220px-The_ProcuressThe criminalization of prostitution has always been an anomaly in the law when compared to sex on camera for the adult entertainment industry. Libertarians question why consenting adults should not be able to agree to such arrangements since they can have as many lovers for free as a form of protected conduct. For those who have argued for legalization of prostitution, a recent study by Baylor University’s Scott Cunningham and Manisha Shah of the University of California, Los Angeles may give them something of a boost. The study found that, for the years when prostitution was effectively legal in Rhode Island (but not street walking), both public health and public safety substantially improved with a drop in rape and a drop in the rate of gonorrhea among women.

The study appears to contradict the claim among some advocates that prostitutes (as well as pornography) fuels violence against women.

The two researchers found that the statewide incidence of gonorrhea among women declined by 39 percent, and the number of rapes reported to police in the state declined by 31 percent. Those are very significant statistical drops.

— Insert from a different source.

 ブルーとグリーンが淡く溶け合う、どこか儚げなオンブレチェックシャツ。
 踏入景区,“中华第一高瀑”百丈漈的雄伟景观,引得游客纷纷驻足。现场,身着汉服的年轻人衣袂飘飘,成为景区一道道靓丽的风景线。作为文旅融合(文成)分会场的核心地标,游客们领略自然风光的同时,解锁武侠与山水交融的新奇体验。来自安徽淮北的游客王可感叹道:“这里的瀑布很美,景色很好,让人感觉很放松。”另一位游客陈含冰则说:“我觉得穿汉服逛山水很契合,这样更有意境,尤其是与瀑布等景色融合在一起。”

The effective legalization of prostitution occurred unintentionally as the result of an effort to tailor state laws in 1980 to avoid first amendment issues. The legislators however accidentally removed a section that defines the act as a crime and years later a court ruled that prostitution was not per se a crime under the law. However, other activities, such as streetwalking, pimping and trafficking, remained illegal. Ironically, the error resulted in precisely what many have argued as an ideal reform — banning pimping, streetwalking, and trafficking while allowing indoors prostitution that can be regulated and safely managed. Legalization advocates insist that such businesses have the ability to vet customers and monitor the situation to avoid many of the problems associated with prostitution.

Shah and Cunningham estimated that decriminalizing prostitution prevented 824 rapes that would have been otherwise reported to police. They were so surprised by the results that they decided to re-examine their data with three different statistical methods.

Feminists have already attacked the study and said that prostitution itself should be viewed as rape. Melissa Farley, a feminist psychologist, insisted that “Women in prostitution generally describe it as paid rape. That’s what if feels like to them.” However, advocates of legalization would argue that regulating the industry would help guarantee that this work is done consensually and they point to a large group of sex workers who have argued for such legalization.

Ronald Weitzer, a sociologist at George Washington University, also pointed out that legal prostitution would reduce the financial incentive for organized crime since “When something is prohibited, it allows organized crime to gain a foothold.” He cites European studies showing success with legalization of prostitution on these different issues.

An interesting study in an equally interesting area of debate.